The recommended way to run this server is via `uvx`:

```bash
uvx mnemo-mcp@latest
```

> Alternatively, you can use `pipx run mnemo-mcp`.

### Option 1: uvx (Recommended)

```jsonc
{
  "mcpServers": {
    "mnemo": {
      "command": "uvx",
      "args": ["mnemo-mcp@latest"],
      "env": {
        // -- optional: LiteLLM Proxy (production, selfhosted gateway)
        // "LITELLM_PROXY_URL": "http://10.0.0.20:4000",
        // "LITELLM_PROXY_KEY": "sk-your-virtual-key",
        // -- optional: cloud embedding + reranking (Jina > Gemini > OpenAI > Cohere)
        // -- without this, uses built-in local Qwen3 ONNX models (CPU)
        // -- first run downloads ~570MB model per backend, cached for subsequent runs
        // -- Jina AI recommended: single key for both embedding and reranking
        "API_KEYS": "JINA_AI_API_KEY:jina_...",
        // -- optional: sync memories across machines via rclone
        // -- on first sync, a browser opens for OAuth (auto, no manual setup)
        "SYNC_ENABLED": "true",                    // optional, default: false
        "SYNC_INTERVAL": "300"                     // optional, auto-sync every 5min (0 = manual only)
        // "SYNC_REMOTE": "gdrive",                 // optional, default: gdrive
        // "SYNC_PROVIDER": "drive",                // optional, default: drive (Google Drive)
      }
    }
  }
}
```

### Option 2: Docker

```jsonc
{
  "mcpServers": {
    "mnemo": {
      "command": "docker",
      "args": [
        "run", "-i", "--rm",
        "--name", "mcp-mnemo",
        "-v", "mnemo-data:/data",                  // persists memories across restarts
        "-e", "LITELLM_PROXY_URL",                 // optional: pass-through from env below
        "-e", "LITELLM_PROXY_KEY",                 // optional: pass-through from env below
        "-e", "API_KEYS",                          // optional: pass-through from env below
        "-e", "SYNC_ENABLED",                      // optional: pass-through from env below
        "-e", "SYNC_INTERVAL",                     // optional: pass-through from env below
        "n24q02m/mnemo-mcp:latest"
      ],
      "env": {
        // -- optional: LiteLLM Proxy (production, selfhosted gateway)
        // "LITELLM_PROXY_URL": "http://10.0.0.20:4000",
        // "LITELLM_PROXY_KEY": "sk-your-virtual-key",
        // -- optional: cloud embedding + reranking (Jina > Gemini > OpenAI > Cohere)
        // -- without this, uses built-in local Qwen3 ONNX models (CPU)
        "API_KEYS": "JINA_AI_API_KEY:jina_...",
        // -- optional: sync memories across machines via rclone
        "SYNC_ENABLED": "true",                    // optional, default: false
        "SYNC_INTERVAL": "300"                     // optional, auto-sync every 5min (0 = manual only)
      }
    }
  }
}
```

### Pre-install (optional)

Pre-download dependencies before adding to your MCP client config.

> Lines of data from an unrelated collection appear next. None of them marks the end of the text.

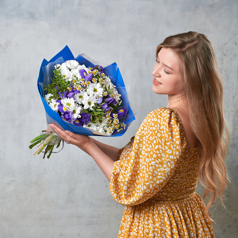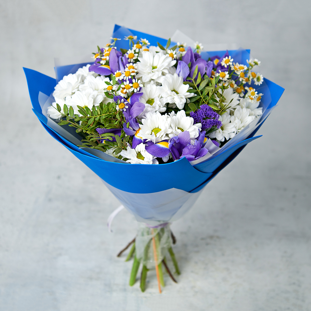 Букет цвета майского неба - мечта, перед которой сложно устоять. Нежные ирисы и белоснежная хризантема будто созданы друг для друга, а россыпь капель ромашек вдохновит на новые открытия. Возможны небольшие изменения элементов. Общий вид и композиция букета будет сохранена.
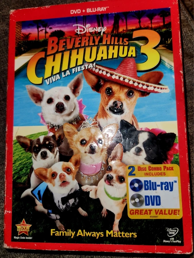 Selling a Beverly Hills Chihuahua 3 Viva La Fiesta! 2-disc combo pack that includes both the Blu-ray and DVD versions. It's a Disney movie, so you know it's family-friendly! Great value! Pickup Only, Unless you are within walking distance from near intersection of Oxford and Gammage Street.
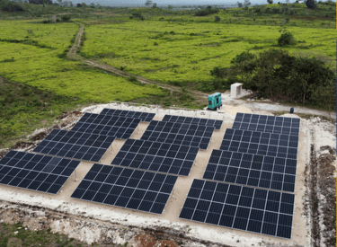 Sistema fotovoltaíco autónomo de 128 paneles de 550 W, para accionar una bomba de 50 HP. Energia generada: 70.4 KWP Estructura de columnas de concreto, acero galvanizado y rieles de aluminio anodizado.

This avoids slow first-run startup:

```bash
# Pre-download embedding model (~570MB) and validate API keys
uvx mnemo-mcp warmup

# With cloud embedding (validates API key, skips local download if cloud works)
API_KEYS="JINA_AI_API_KEY:jina_..." uvx mnemo-mcp warmup
```

### Sync setup

Sync is fully automatic. Just set `SYNC_ENABLED=true` and the server handles everything:

1. **First sync**: rclone is auto-downloaded, a browser opens for OAuth authentication
2. **Token saved**: OAuth token is stored locally at `~/.mnemo-mcp/tokens/` (600 permissions)
3. **Subsequent runs**: Token is loaded automatically — no manual steps needed

For non-Google Drive providers, set `SYNC_PROVIDER` and `SYNC_REMOTE`:

```jsonc
{
  "SYNC_ENABLED": "true",
  "SYNC_PROVIDER": "dropbox",        // rclone provider type
  "SYNC_REMOTE": "dropbox"           // rclone remote name
}
```

> **Advanced**: You can also run `uvx mnemo-mcp setup-sync drive` to pre-authenticate before first use, but this is optional.

## Configuration

| Variable | Default | Description |
|----------|---------|-------------|
| `DB_PATH` | `~/.mnemo-mcp/memories.db` | Database location |
| `LITELLM_PROXY_URL` | — | LiteLLM Proxy URL (e.g. `http://10.0.0.20:4000`). Enables proxy mode |
| `LITELLM_PROXY_KEY` | — | LiteLLM Proxy virtual key (e.g. `sk-...`) |
| `API_KEYS` | — | API keys (`ENV:key,ENV:key`). Enables cloud embedding + reranking (SDK mode) |
| `EMBEDDING_BACKEND` | (auto-detect) | `litellm` (cloud API) or `local` (Qwen3). Auto: API_KEYS -> litellm, else local |
| `EMBEDDING_MODEL` | auto-detect | LiteLLM model name (optional) |
| `EMBEDDING_DIMS` | `0` (auto=768) | Embedding dimensions (0 = auto-detect, default 768) |
| `RERANK_ENABLED` | `true` | Enable reranking (improves search precision) |
| `RERANK_BACKEND` | (auto-detect) | `litellm` (cloud) or `local` (Qwen3). Auto: API_KEYS -> litellm, else local |
| `RERANK_MODEL` | auto-detect | LiteLLM reranker model name (optional) |
| `ARCHIVE_ENABLED` | `true` | Enable auto-archiving of old low-importance memories |
| `ARCHIVE_AFTER_DAYS` | `90` | Days before a memory is eligible for auto-archive |
| `ARCHIVE_IMPORTANCE_THRESHOLD` | `0.3` | Memories below this importance score are auto-archived |
| `DEDUP_THRESHOLD` | `0.9` | Similarity threshold to block duplicate memories |
| `DEDUP_WARN_THRESHOLD` | `0.7` | Similarity threshold to warn about similar memories |
| `RECENCY_HALF_LIFE_DAYS` | `7` | Half-life for temporal decay in search scoring |
| `LLM_MODELS` | `gemini/gemini-3-flash-preview` | LLM model for graph extraction, importance scoring, consolidation |
| `SYNC_ENABLED` | `false` | Enable rclone sync |
| `SYNC_PROVIDER` | `drive` | rclone provider type (drive, dropbox, s3, etc.) |
| `SYNC_REMOTE` | `gdrive` | rclone remote name |
| `SYNC_FOLDER` | `mnemo-mcp` | Remote folder |
| `SYNC_INTERVAL` | `300` | Auto-sync seconds (0=manual) |
| `LOG_LEVEL` | `INFO` | Log level |

### Embedding & Reranking (2-Mode Architecture)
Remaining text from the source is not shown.